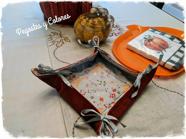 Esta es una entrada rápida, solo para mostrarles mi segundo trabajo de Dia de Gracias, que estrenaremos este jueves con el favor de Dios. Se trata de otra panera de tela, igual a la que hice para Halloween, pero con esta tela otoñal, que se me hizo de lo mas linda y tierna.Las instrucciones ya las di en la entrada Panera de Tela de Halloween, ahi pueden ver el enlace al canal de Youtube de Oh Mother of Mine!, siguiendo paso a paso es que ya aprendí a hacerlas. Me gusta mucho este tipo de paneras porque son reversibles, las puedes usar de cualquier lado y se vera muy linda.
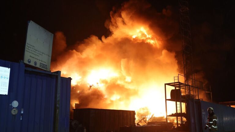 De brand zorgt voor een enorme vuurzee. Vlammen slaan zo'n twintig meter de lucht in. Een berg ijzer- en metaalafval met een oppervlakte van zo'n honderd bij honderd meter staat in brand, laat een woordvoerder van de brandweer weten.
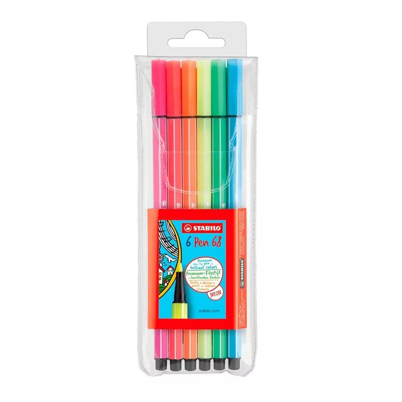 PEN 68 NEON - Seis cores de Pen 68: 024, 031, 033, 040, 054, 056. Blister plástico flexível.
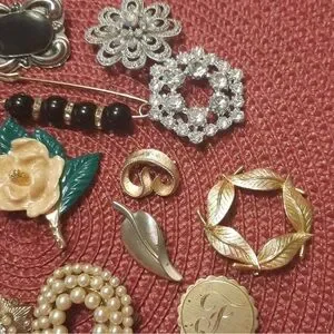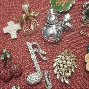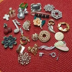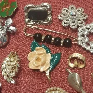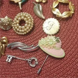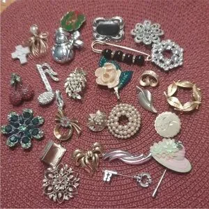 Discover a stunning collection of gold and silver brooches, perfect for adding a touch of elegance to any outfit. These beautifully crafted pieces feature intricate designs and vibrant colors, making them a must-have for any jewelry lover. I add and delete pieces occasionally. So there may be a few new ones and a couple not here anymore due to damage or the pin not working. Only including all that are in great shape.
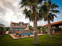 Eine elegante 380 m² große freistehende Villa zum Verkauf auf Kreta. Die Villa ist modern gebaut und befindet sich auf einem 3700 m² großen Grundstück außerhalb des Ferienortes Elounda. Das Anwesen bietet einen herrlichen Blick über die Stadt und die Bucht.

...

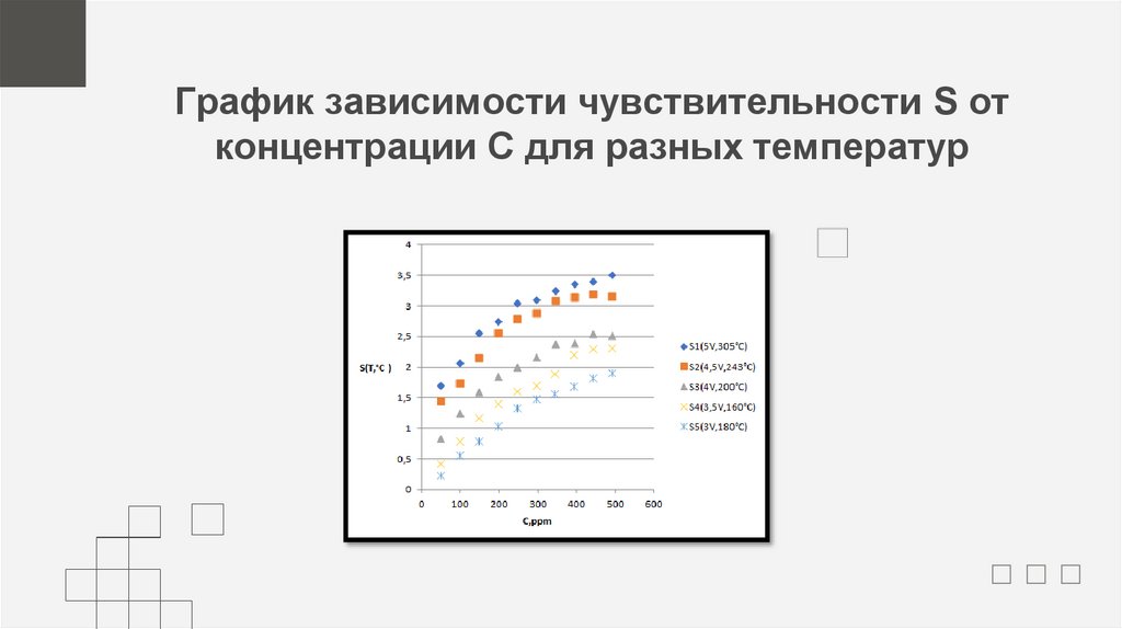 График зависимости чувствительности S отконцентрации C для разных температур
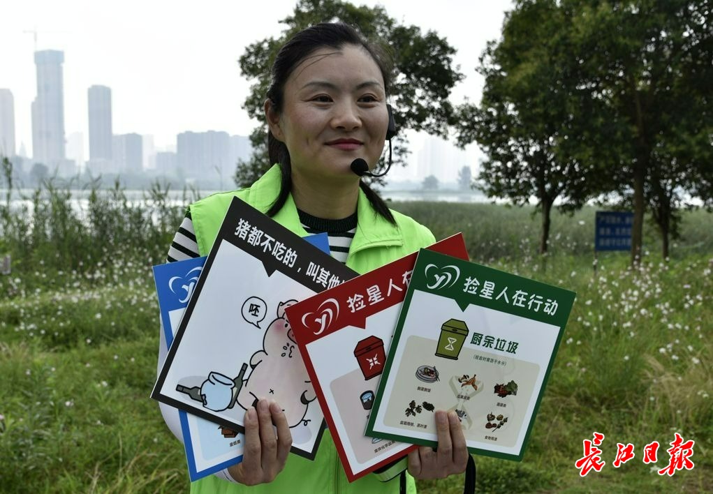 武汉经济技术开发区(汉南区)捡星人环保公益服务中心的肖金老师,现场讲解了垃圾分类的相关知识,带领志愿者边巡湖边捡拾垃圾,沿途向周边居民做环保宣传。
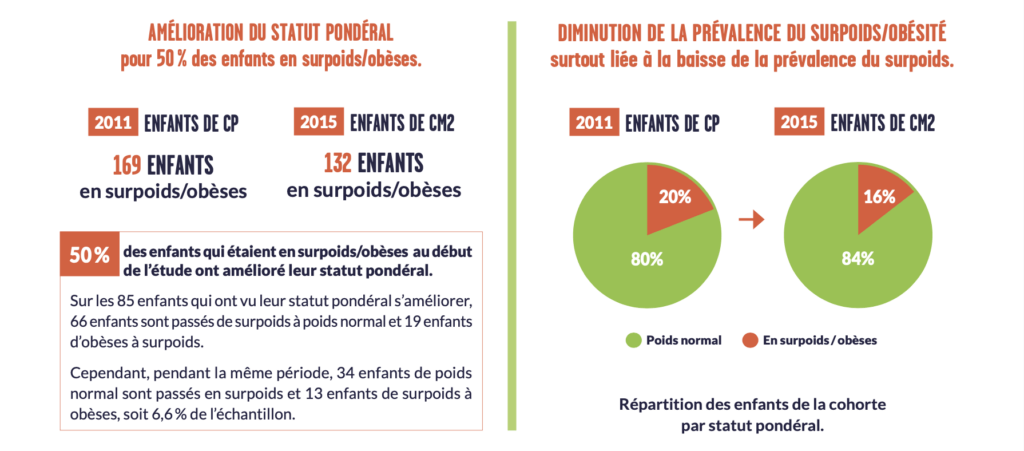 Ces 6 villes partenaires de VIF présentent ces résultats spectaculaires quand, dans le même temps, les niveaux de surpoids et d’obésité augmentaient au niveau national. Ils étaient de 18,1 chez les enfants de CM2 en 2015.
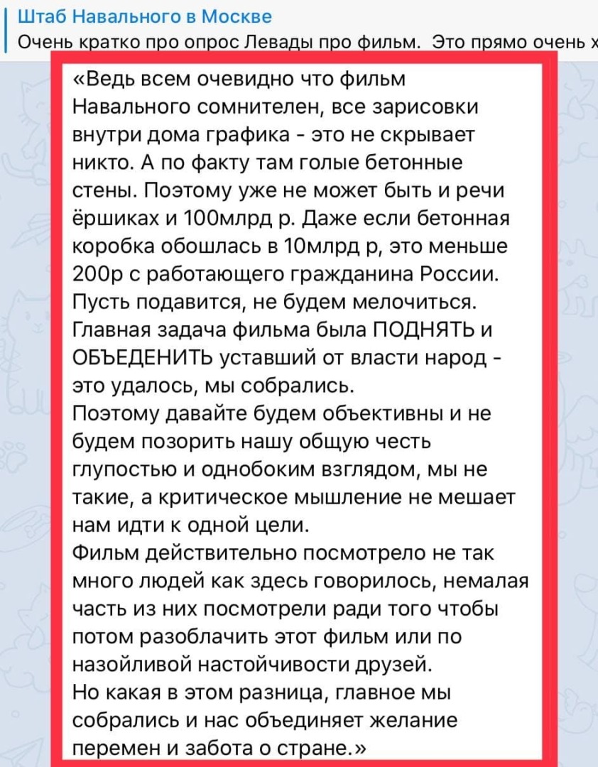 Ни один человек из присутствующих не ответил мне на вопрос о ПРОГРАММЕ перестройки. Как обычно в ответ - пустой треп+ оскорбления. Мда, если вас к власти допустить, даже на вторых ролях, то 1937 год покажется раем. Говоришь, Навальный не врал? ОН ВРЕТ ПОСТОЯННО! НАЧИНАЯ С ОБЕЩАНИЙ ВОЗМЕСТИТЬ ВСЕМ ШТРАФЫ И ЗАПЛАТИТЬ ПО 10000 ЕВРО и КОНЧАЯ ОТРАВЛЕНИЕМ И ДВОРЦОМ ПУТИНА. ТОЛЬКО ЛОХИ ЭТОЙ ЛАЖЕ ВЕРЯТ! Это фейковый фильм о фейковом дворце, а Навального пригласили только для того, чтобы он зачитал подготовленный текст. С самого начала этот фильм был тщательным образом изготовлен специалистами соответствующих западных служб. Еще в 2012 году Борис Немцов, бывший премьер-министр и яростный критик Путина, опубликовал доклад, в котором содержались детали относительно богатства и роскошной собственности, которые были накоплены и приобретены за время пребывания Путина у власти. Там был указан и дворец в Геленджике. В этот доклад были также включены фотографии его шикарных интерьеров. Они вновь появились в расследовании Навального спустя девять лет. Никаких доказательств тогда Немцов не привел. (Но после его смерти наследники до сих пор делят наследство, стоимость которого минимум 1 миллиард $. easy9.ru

> _Work instructions_: Working from the entries above, reproduce exactly and only the lines beginning with the line that has "Discover a stunning" and ending with the line that has "Eine elegante 380"; omit all pictures.

> _Written answer_:
 Discover a stunning collection of gold and silver brooches, perfect for adding a touch of elegance to any outfit. These beautifully crafted pieces feature intricate designs and vibrant colors, making them a must-have for any jewelry lover. I add and delete pieces occasionally. So there may be a few new ones and a couple not here anymore due to damage or the pin not working. Only including all that are in great shape.
 Eine elegante 380 m² große freistehende Villa zum Verkauf auf Kreta. Die Villa ist modern gebaut und befindet sich auf einem 3700 m² großen Grundstück außerhalb des Ferienortes Elounda. Das Anwesen bietet einen herrlichen Blick über die Stadt und die Bucht.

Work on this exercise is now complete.